The curves defined over the five Euclidean Imaginary quadratic fields consist of the curves in John Cremona's 1981 thesis, extended by him with Warren Moore in 2014 to conductor norm $10000$. In almost all cases, curves were found to match cuspidal Bianchi newforms, using custom code by Cremona and Moore, supplemented by Magma's EllipticCurveSearch function written by Steve Donnelly. Additionally, curves with CM by the field in question, which are not associated to cuspidal Bianchi newforms, were found from their $j$-invariants by Cremona.

### Totally real fields

Over $\Q(\sqrt{5})$ the curves of conductor norm up to about $5000$ were provided by Alyson Deines from joint work of Jonathan Bober, Alyson Deines, Ariah Klages-Mundt, Benjamin LeVeque, R. Andrew Ohana, Ashwath Rabindranath, Paul Sharaba and William Stein (see http://arxiv.org/abs/1202.6612). All the other curves were found from their associated Hilbert newforms using Magma's EllipticCurveSearch function, using a script written by John Cremona. This process is still ongoing, and in particular the data for fields of degree $6$ is limited.
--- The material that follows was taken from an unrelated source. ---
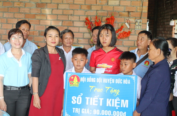 Web.ĐTN: Sáng ngày 14/12, Hội đồng Đội tỉnh Long An, Hội đồng Đội huyện Đức Hòa đã đến thăm và trao sổ tiết kiệm cho 3 em học sinh có cha mẹ bị điện giật chết tại xã Đức Lập Hạ, huyện Đức Hòa vừa qua.
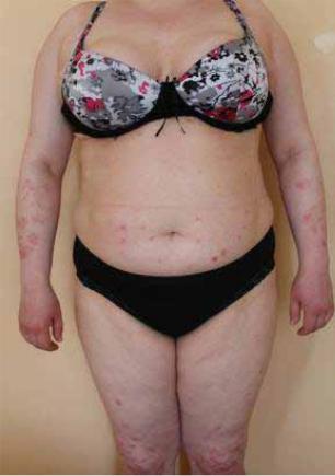 Рис. 1. Высыпания на туловище, верхних и нижних конечностях у больной псориазом

Otherwise the extent of the data matches that of the Hilbert Modular Form data for totally real fields of degrees 2, 3, 4, 5 and 6.

### Other fields

- Steve Donnelly, Paul E. Gunnells, Ariah Klages-Mundt, and Dan Yasaki provided the curves over the mixed cubic field 3.1.23.1.
- Marc Masdeu provided $\Q$-curves over quadratic fields.
- Haluk Sengun provided curves with everywhere good reduction over imaginary quadratic fields.
- S. Yokoyama and Masdeu provided curves with everywhere good reduction over real quadratic fields (see here).

In some cases the same curve occurs in more than one of the above sources, in which case efforts have been made not to include it more than once in the database.